Armenia - Tigran Petrosian, head of the anti-trafficking unit of the Armenian police, holds a news conference, 22Jul2011.

Armenia - Tigran Petrosian, head of the anti-trafficking unit of the Armenian police, holds a news conference, 22Jul2011.

Instances of human trafficking in Armenia have fallen considerably since the country was removed from a U.S. State Department blacklist two years ago, a senior police official said on Friday.


“At least, the number of those traditional cases has decreased,” said Lieutenant-Colonel Tigran Petrosian, head of an anti-trafficking unit at the Armenian police. “That is, when dozens of women used to be transported abroad, notably to the United Arab Emirates (UAE) and Turkey, and subjected to exploitation there.”

“The most recent incidents are mainly cases of exploitation involving one or two victims. I think the main reason for that is our strict and adequate enforcement of laws,” he told a news conference.

According to police data released by Petrosian, Armenian courts sentenced four persons to an average of seven years in prison on trafficking-related charges in the first half of this year.

The police opened ten such criminal cases in the same period. Eight of them involved alleged sexual exploitation of Armenian women in Armenia and the UAE.

The Armenian government and law-enforcement bodies have significantly toughened their fight against the illegal practice in recent years not least because of strong pressure from the United States. A wide range of measures taken by them has included a substantial toughening of punishment for human trafficking and a crackdown on local prostitution rings.

The U.S. State Department acknowledged those efforts in June 2009 when it removed Armenia from a “watch list” of countries which it believes are not doing enough to combat cross-border transport and illegal exploitation of human beings.

“The Government of Armenia does not fully comply with the minimum standards for the elimination of trafficking; however, it is making significant efforts to do so,” the department reiterated in an annual report on global trafficking released late last month.
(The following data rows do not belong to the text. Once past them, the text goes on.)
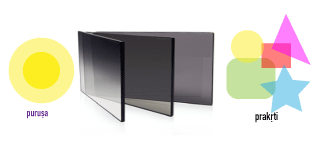 De un lado está la realidad que percibimos (PRAKṚTI), con la luz de todos los seres, que como la nuestra no deja de brillar, del otro nuestra luz (PURUṢA). Justo en el medio estos «filtros» con los cuales nos protegemos, porque nuestra luz es de la misma naturaleza pero de un «carácter muy delicado» en nuestro imaginario.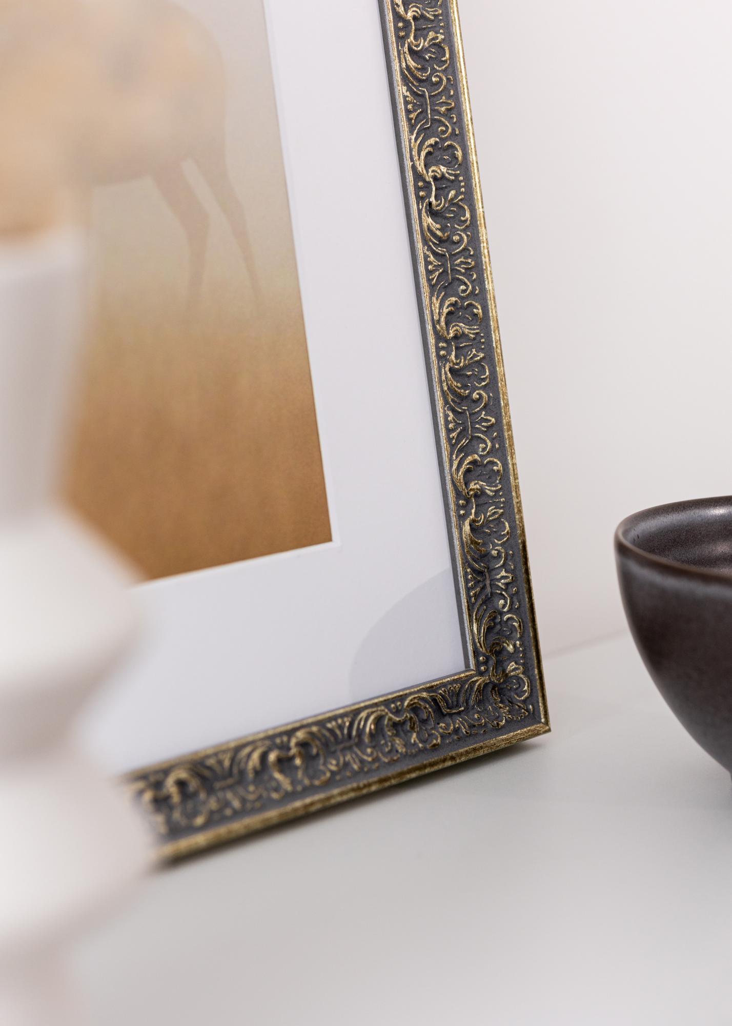 Ta eleganten okvir za fotografije je popolna kombinacija klasičnega dizajna in moderne funkcionalnosti. S svojim starinskim slogom in čudovito podrobno okrasno izrezljano v sivkastem odtenku z zlatimi poudarki, daje občutek vintage sloga, ki izboljša katerokoli sobo. Okvir je izdelan iz lesa in ima 25 mm široko letvico ter globino 24 mm, kar mu daje robusten in trden občutek.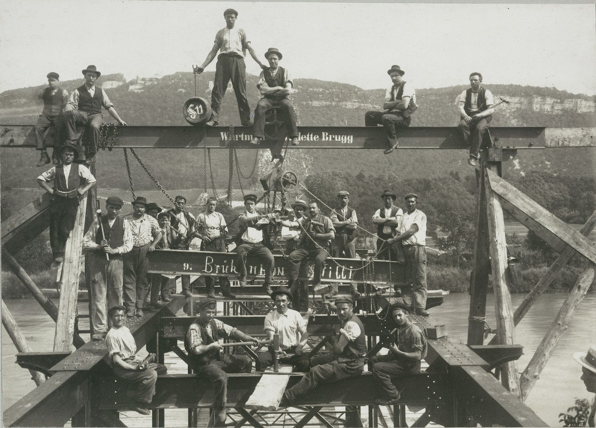 Ein weiteres neu entwickeltes Bildpaar ist an der Fassade der Aargauer Kantonsbibliothek zu sehen. Ausgangspunkt ist ein historisches Bild des Brückenbaus aus dem Staatsarchiv Aargau, das Aufbruch, Ingenieurskunst und Pionierleistung symbolisiert. Die Gegenüberstellung lädt dazu ein, über Fortschritt, Zeitwahrnehmung und die Macht visueller Narrative nachzudenken.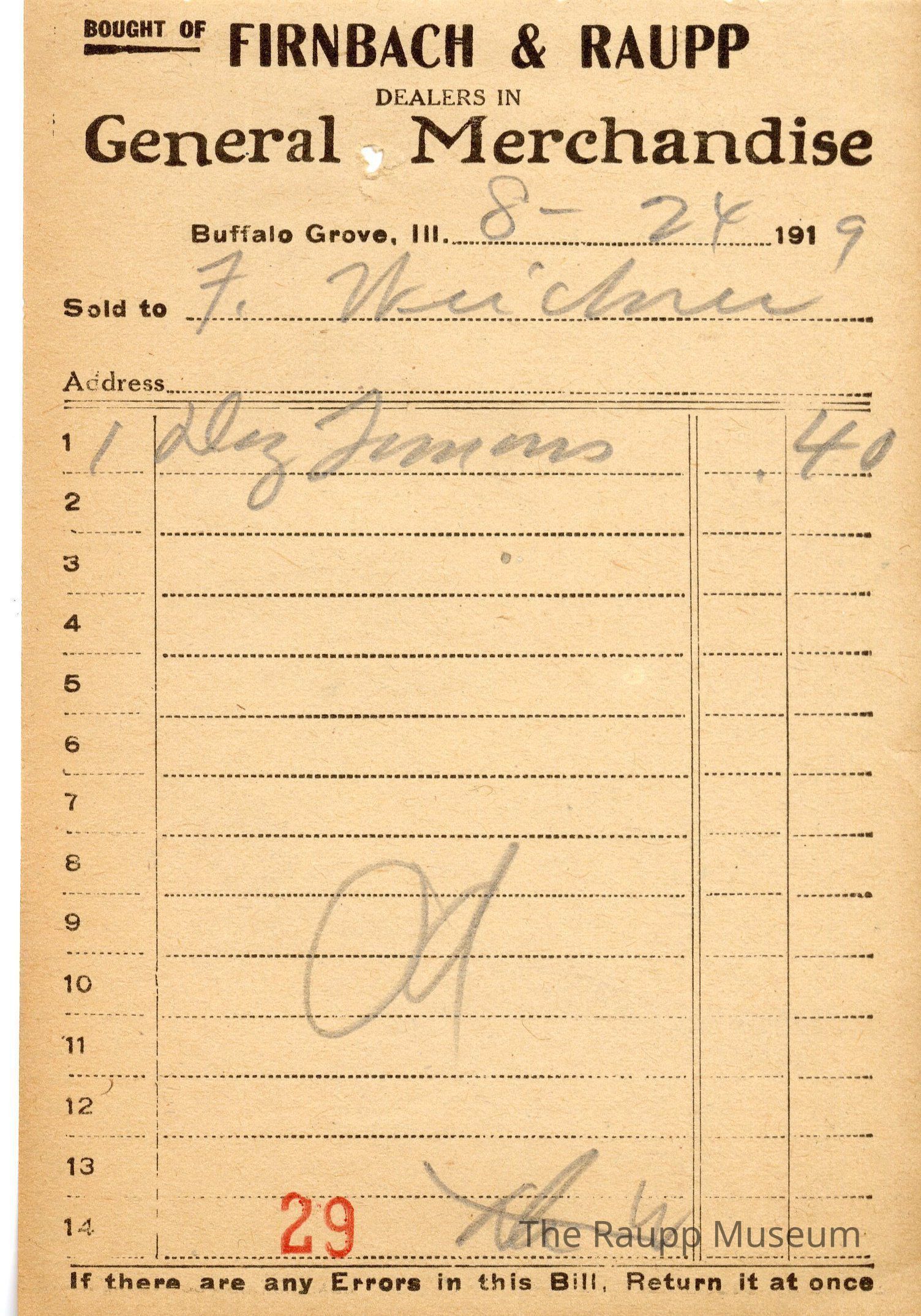 The black text is as follows, from top to bottom: Bought of Firnbach & Raupp; Dealers in GENERAL MERCHANDISE; Buffalo Grove, Ill.; Sold to; Address; If there are any Errors in this Bill Return it at once.Archive Details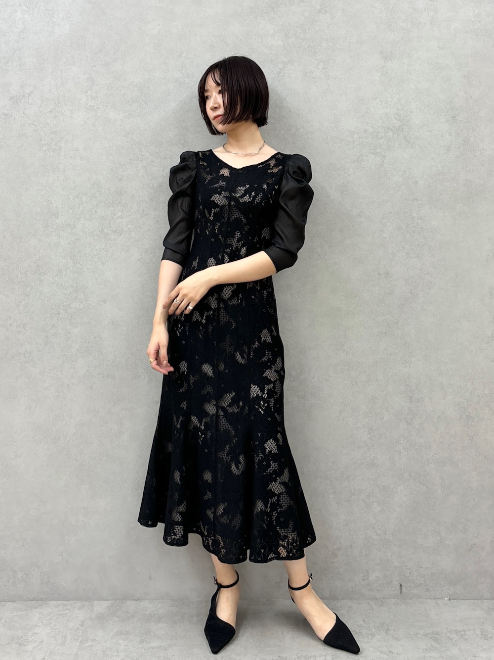 【Dress】結婚式や同窓会におすすめの高級感のある立体的レースドレス✨ 特にブラックは裏地がグレーになっているのでより大人可愛い🖤 普段Mサイズを着るのでSサイズだとふくらはぎ下くらいの着丈です!高身長さんにはMサイズがおすすめ✔️ ウエストに切替がないので締め付け感なく膝下からフレアになっているのでとっても歩きやすいです🩰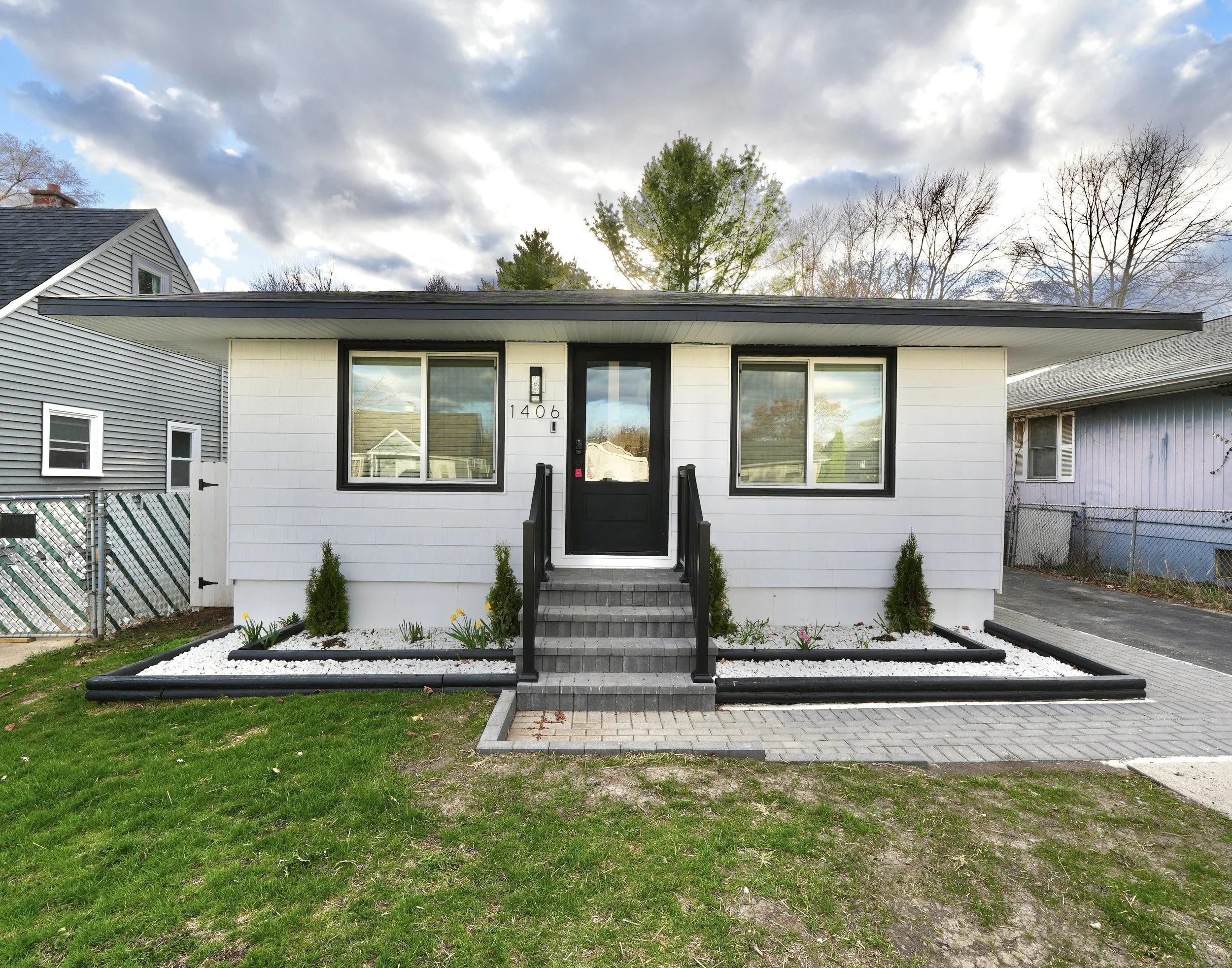 The home's exterior showcases exceptional curb appeal with extensive modern upgrades. The front façade features all-new siding complemented by freshly painted exterior walls, creating a clean and inviting look. New exterior doors and windows throughout enhance both style and energy efficiency, while modern exterior lighting highlights the home's architectural charm.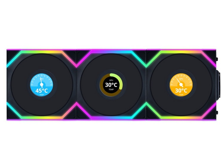 这个系列有普通版本和LCD版本,后者在扇叶中心部分还有LCD屏,可以显示运行状态温度等。另外,都提供黑/白两色和正/反叶版本,满足各种装机需求。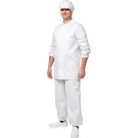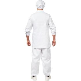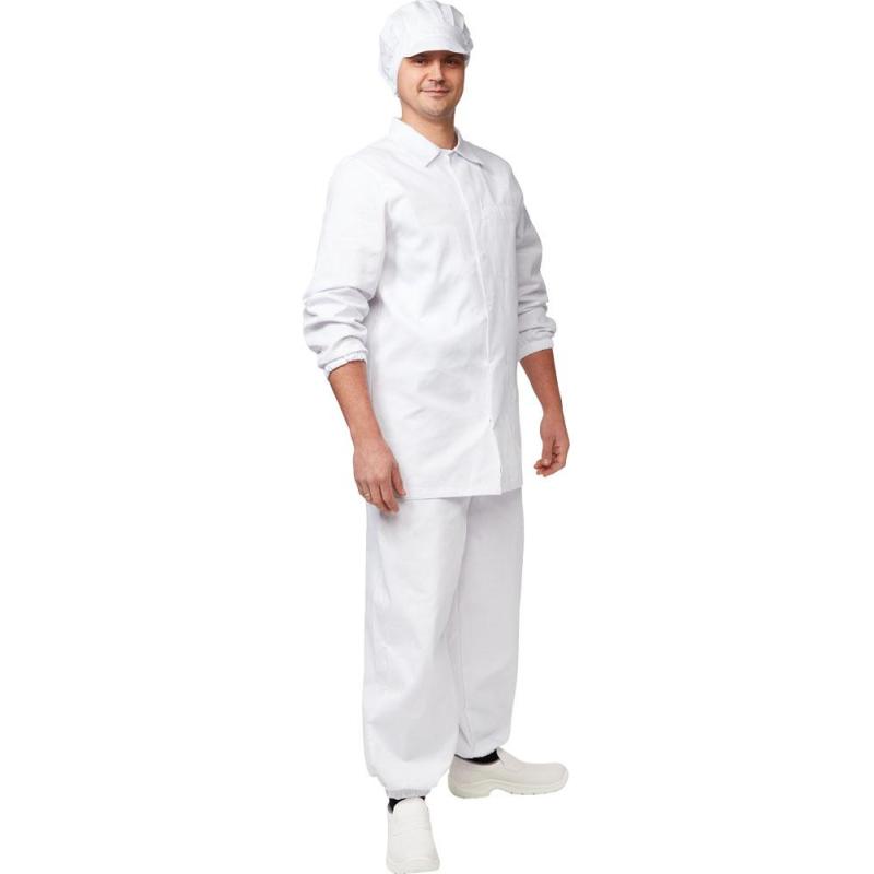 <p>Белая мужская куртка прямого силуэта, из смесовой ткани саржевого переплетения плотностью 150 г/кв.м, состав ткани — 65% <nobr>п/э</nobr> 35% <nobr>х/б</nobr>, предназначена для ношения на пищевых предприятиях. Перед куртки с центральной потайной застежкой на кнопки до верха. Воротник отложной. Втачной длинный рукав, с манжетой по низу, собранной на эластичную ленту. На левой полочке один боковой и один нагрудный потайные карманы с клапаном.</p><BR>К куртке поварской у17-КУ подходят брюки у17-БР, утепленный жилет у17-ЖЛ. Также можно подобрать халат у17-ХЛ. В коллекции у17 представлена также женская линейка курток.
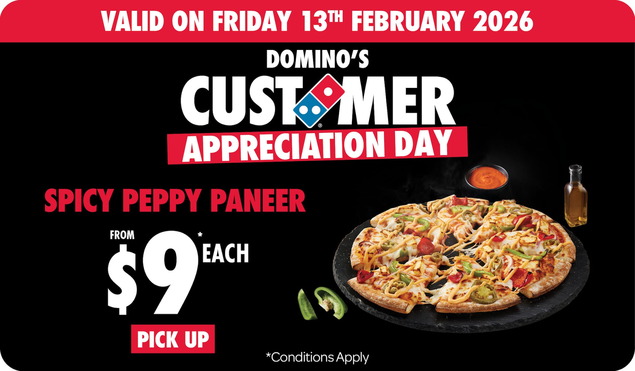 *10% surcharge applies on Sundays and after 10pm in selected stores. Surcharge of up to 20% applies on Public Holidays. Minimum delivery order $22.90 (excluding extended delivery, after 10pm, Sunday, and Public Holiday surcharges). Additional charges apply for extra toppings, half 'n' half & indulgent crusts. Limited area for delivery. For full terms and conditions click here.
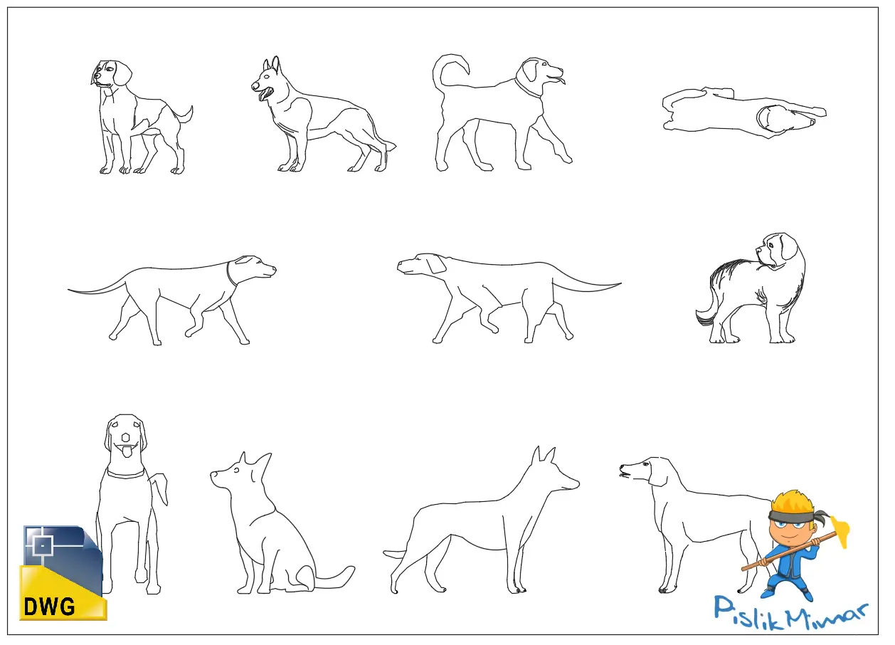 Autocad üzerinden çizilmiş .dwg uzantılı Köpek çizimlerini ücretsiz olarak indirebilirsiniz.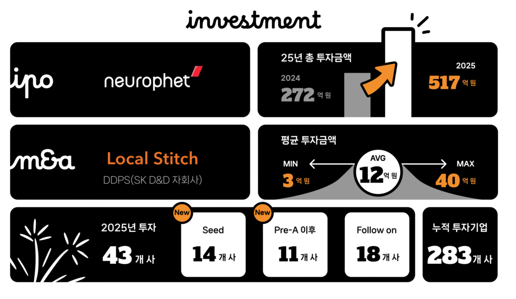 회수 성과도 이어졌다. 뉴로핏이 코스닥에 상장했고, 로컬스티치는 SK D&D 자회사 DDPS에 인수됐다.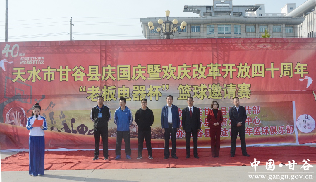 10月1日,甘谷縣慶國慶暨歡慶改革開放四十周年“老板杯”籃球邀請(qǐng)賽開賽?h委常委、宣傳部長張慶元出席開幕式。
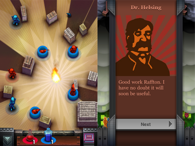 Remember Space Invaders? This is just like that except for the tongue-in-cheek B-movie dialogue (and sometimes smack-talk) that happens between you (the alien-blasting space pilot) and the evil alien invaders. What sets this game by Hexage apart are the beautifully rendered neon retro-esque visuals and the atmospheric, electronic music. You blast through blocky, pixely alien hoards that look like they came straight out of your Atari, except that the aliens have suddenly moved into a nightclub and swallowed glowsticks, pulsating and shimmering fluorescently in the outer space sky. The storyline reads like it came out of a not-so-great alien movie (complete with time-traveling action!) but the writers of Radiant‘s dialogue seem to be aware of it and play with the tropes lightheartedly. The main pull is the simple controls and sleek visuals, which create an addictive, nostalgic, alien-shooting experience.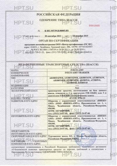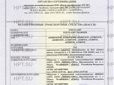 Коммерческое наименование IVECO-АМТ TRAKKER; AD380T42WH, AT380T42WH, AD380T41W, AT380T41W, AD380T45W, AT3…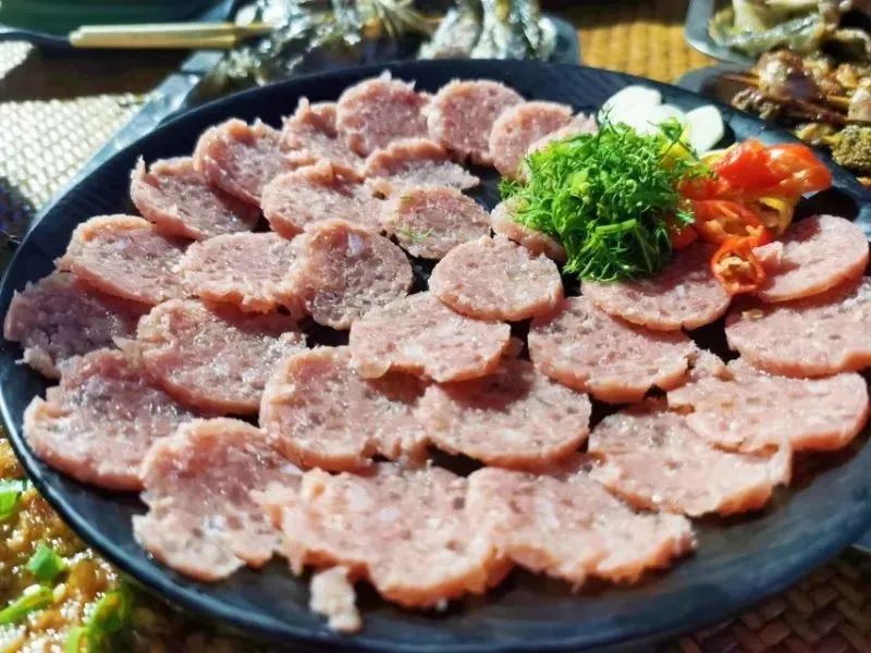 傣族酸肉的制作要選用新鮮的豬肉或者牛肉為原料,把選好的肉進(jìn)行手工剁細(xì),將皮子切條、切丁后將兩者進(jìn)行充分混分,使得肉質(zhì)口感更加Q彈。在制作過程中放入適量食鹽、辣椒、野花椒、蒜瓣等佐料進(jìn)行調(diào)味,再放入少許糯米飯均勻攪拌,裝入壇內(nèi)或竹筒內(nèi)密封腌制3—5天,讓肉呈現(xiàn)出純正的酸味,便可食用。

The report praised Yerevan for further toughening anti-trafficking sanctions in March and partly financing a non-governmental shelter for women forced into sex trade. “The government continued to ensure that all convicted traffickers were appropriately sentenced and that those sentences were enforced,” it said, noting that five convicted traffickers were sentenced to between three and nine years last year.

The State Department at the same time expressed concern about a “precipitous drop” in the number of persons officially identified as trafficking victims in 2010. “The government officially identified 19 new sex trafficking victims in 2010 and referred 12 of them to NGOs for assistance, compared with 60 victims of trafficking identified and 22 referred to NGOs in 2009,” it said.

The report also called for “more vigorous efforts” to investigate instances of forced labor. The Armenian police have prosecuted one such case this year.

Petrosian described the U.S. report as “certainly positive and helpful” for Armenia. “I think that if we were to evaluate our work, we would find more shortcomings than the State Department did in its report,” he said. “That report is based on statements made by us and our statistics.”